# Technical Document: Coverage Comparison Across Methods and Models
## Image Description
The image is a **heatmap** visualizing coverage values across different **methods** (rows) and **models** (columns). The color intensity corresponds to coverage values, with darker red indicating higher coverage (closer to 1.0) and lighter red indicating lower coverage (closer to 0.0). The legend on the right maps colors to numerical values.
---
## Key Components
### 1. **Axis Labels**
- **X-axis (Models)**:
`gpt-o3-mini`, `gpt-o3-medium`, `gpt-o3-large`
- **Y-axis (Methods)**:
`Direct Generation P`, `Direct Generation C`, `Direct Generation PC`,
`Repeated Sampling P`, `Repeated Sampling C`, `Repeated Sampling PC`,
`Refinement P`, `Refinement C`, `Refinement PC`
- **Title**: `Coverage Comparison Across Methods and Models`
### 2. **Legend**
- **Location**: Right side of the heatmap.
- **Color Scale**:
- `0.0` (lightest red) to `1.0` (darkest red).

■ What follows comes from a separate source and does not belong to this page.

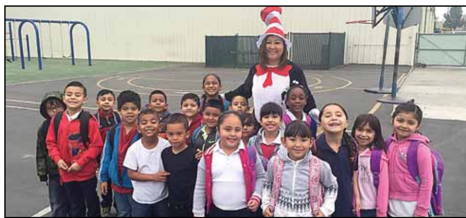
The Cat in the Hat welcoming students to school

- Intermediate values: `0.5`, `0.75`, `0.9`.
---
## Data Structure
The heatmap is a **9x3 matrix** (9 methods × 3 models). Each cell contains a numerical coverage value. Below is the reconstructed table:
| Method | gpt-o3-mini | gpt-o3-medium | gpt-o3-large |
|----------------------|-------------|---------------|--------------|
| Direct Generation P | 1.00 | 0.74 | 0.75 |
| Direct Generation C | 0.61 | 1.00 | 0.71 |
| Direct Generation PC | 0.69 | 0.79 | 1.00 |
| Repeated Sampling P | 0.68 | 0.71 | 0.68 |
| Repeated Sampling C | 0.55 | 0.67 | 0.62 |
| Repeated Sampling PC | 0.55 | 0.66 | 0.61 |
| Refinement P | 0.61 | 0.75 | 0.66 |
| Refinement C | 0.56 | 0.67 | 0.62 |
| Refinement PC | 0.59 | 0.67 | 0.69 |
---
## Trends and Observations
1. **Direct Generation P** consistently shows high coverage (1.00 for `gpt-o3-mini`, 0.74–0.89 for other models).
2. **Direct Generation C** and **PC** exhibit moderate coverage, with PC achieving 1.00 for `gpt-o3-large`.
3. **Repeated Sampling** methods generally have lower coverage (0.55–0.88), with `Repeated Sampling C` showing the lowest values.
4. **Refinement** methods demonstrate moderate-to-high coverage, with `Refinement PC` achieving 0.83 for `gpt-o3-large`.
5. **Color Consistency**:
- Dark red cells (e.g., 1.00) align with the legend's highest value.
- Lighter red cells (e.g., 0.55–0.62) match the legend's lower range.
---
## Spatial Grounding
- **Legend Position**: Right-aligned, vertically stacked.
- **X-axis Position**: Bottom of the heatmap.
- **Y-axis Position**: Left of the heatmap.
---
## Notes
- All values are in **English** and represent coverage percentages.
- No non-English text is present.
- The heatmap uses a **continuous color scale** without discrete categories.
This analysis confirms that the heatmap effectively compares coverage across methods and models, with `Direct Generation P` and `Refinement PC` showing the highest performance for `gpt-o3-large`.